A parte la specifica resa estetica, Gatsby è la figura per paradosso meno tradita tra quelle importanti nel romanzo. Il suo essere di fondo un gangster, cosa che nel romanzo è celata, nell’adattamento è palesata fin da subito. Lo spettatore low brow, che giunge vergine all’incontro, probabilmente ha bisogno che questa sua dimensione gli sia palesata; lo spettatore high brow, si spera, ha già letto il romanzo, conosce già il confronto finale in cui Buchanan rivela come Gatsby non abbia solo speculato coi soldi dei mafiosi, ma ci abbia fatto del contrabbando insieme (differenza cruciale per il puritanesimo calvinista americano); e quindi si può divertire nella variazione sul tema.
Al limite, gli si poteva evitare di far perdere le staffe di fronte alle osservazioni di Buchanan (p. 164), dato che nel libro è proprio la sua studiata freddezza davanti agli attacchi a farlo apparire un gangster, qualcuno che poteva aver già ucciso un uomo; non il contrario.

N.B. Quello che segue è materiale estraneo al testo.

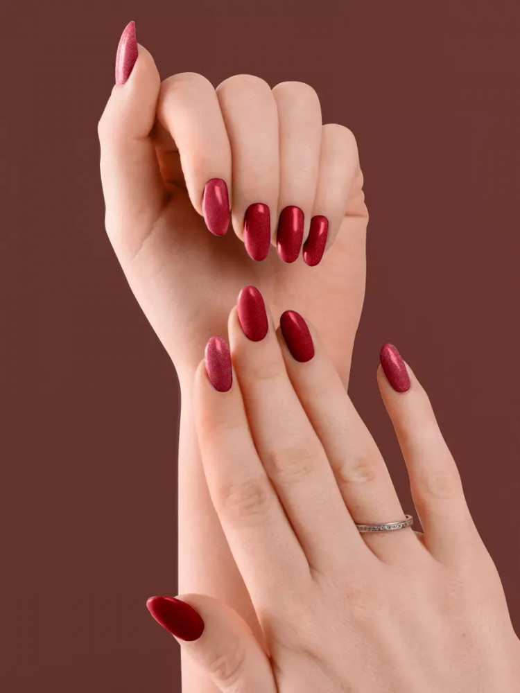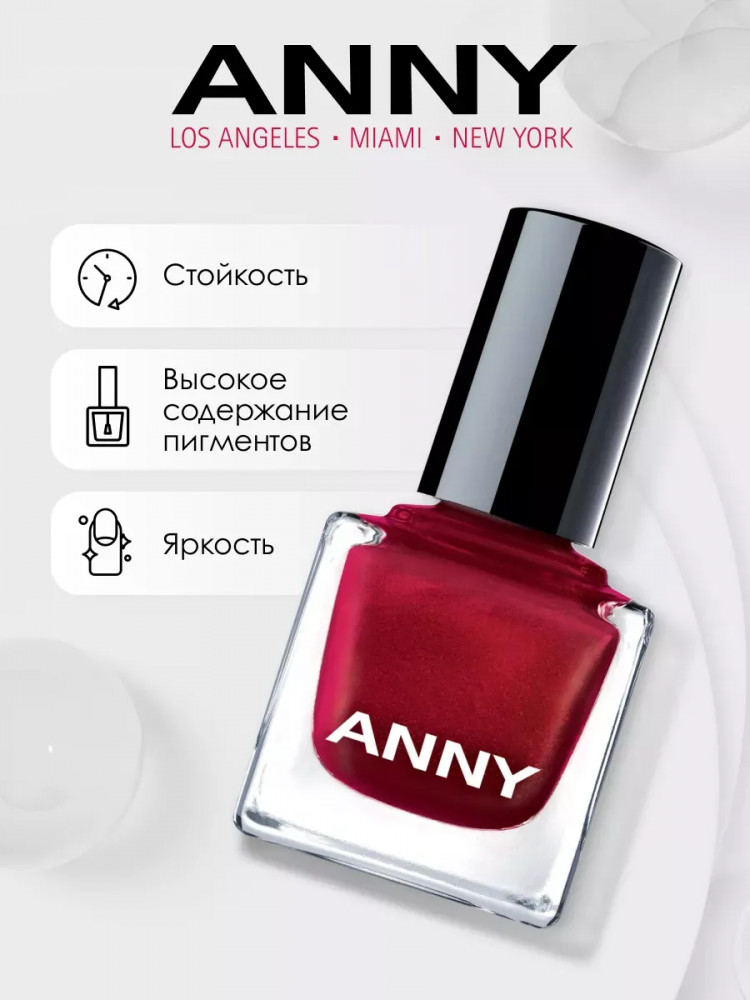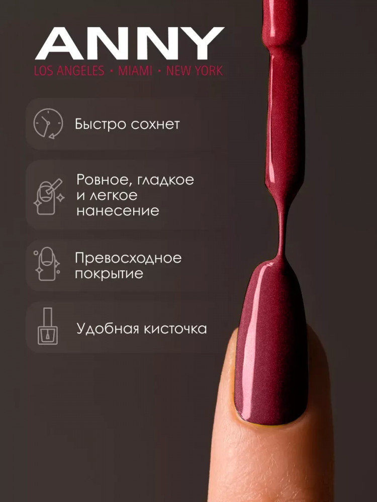Очень красивый, сложный оттенок с красным и розовым микро-шиммером. Цвет: что-то среднее между бордовым и фиолетовым в зависимости от освещения. Отличное качество, как и у всех лаков от ANNY, примерно на пятый день слегка затираются кончики
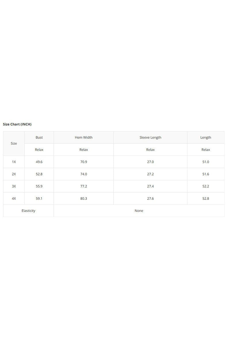 - Approx. Manufacturer's Measurements for 1X: Bust: 49.6" x Hem Width: 70.9" x Sleeve Length: 27.0" x Length: 51.0"

La figura più edulcorata, e contro motivazione, appare invece quella di Daisy. Già quando il fedifrago marito Buchanan si scaglia contro l’ascesa delle razze di colore (citando il libro di Stoddard, reso Goddard in film e romanzo), mormora “Dobbiamo sterminarle” ammiccando con violenza (p. 21) nel romanzo; appare infastidita nella trasposizione filmica. Il primo di molti tradimenti, che lasceremo al lettore di analizzare, se vorrà, volti a rendere Daisy una figura quasi romantica, rispetto alla nichilistica e distruttiva ereditiera che invece è.
La scena finale della presunta telefonata di lei a Gatsby (è Nick, invece, a chiamare) è spuria, ma di una divertente crudeltà del regista contro il suo personaggio; così come spurio è che Daisy si neghi al telefono a Nick: per quanto ne sappiamo, è davvero partita dalla città in totale indifferenza. E la bambina non appare, come uno spettro etereo, a turbare il sogno di Gatsby, cancellare il passato (p. 144).
Ma l’omissione definitiva è quella di un rigo appena, sul finale: quando il povero Gatsby racconta a Nick lo svolgimento dell’incidente fatale.
“Bè, Daisy ha prima sterzato verso l’altra macchina per scansare la donna, poi ha perso la testa e ha sterzato di nuovo.” (p. 133).
Non è chiaro se quello di Daisy sia un vero omicidio volontario o una vera perdita del controllo. Certo è che, dato che il marito Tom Buchanan, simmetricamente, spingerà il vedovo ad assassinare Gatsby, che si prenderà la colpa al posto di Daisy, viene più di un sospetto al proposito.
Fitzgerald, giustamente perfido, non ci dice nulla. “Poscia, più che ‘l dolor, poté ‘l digiuno.”, come al solito.
Ma Nick, in fondo, ci suggerisce che “erano gente sbadata, Tom e Daisy: sfracellavano cose e persone, e poi si ritiravano nel loro denaro…” (p. 218). Intenzionale lui, intenzionale lei, verrebbe di dire.
Non è, quindi, l’elisione in sé a creare problema: ma l’elisione di qualcosa che avrebbe rafforzato la lettura neo-cinica di Gatsby, invece di lasciare un alone di addolcimento sulla sua relazione con Daisy, fino ad avvicinarla alla Love Story convenzionale.
Ma dalla decadente Trilogia del Tradimento Artistico non ci si poteva forse aspettare niente di diverso.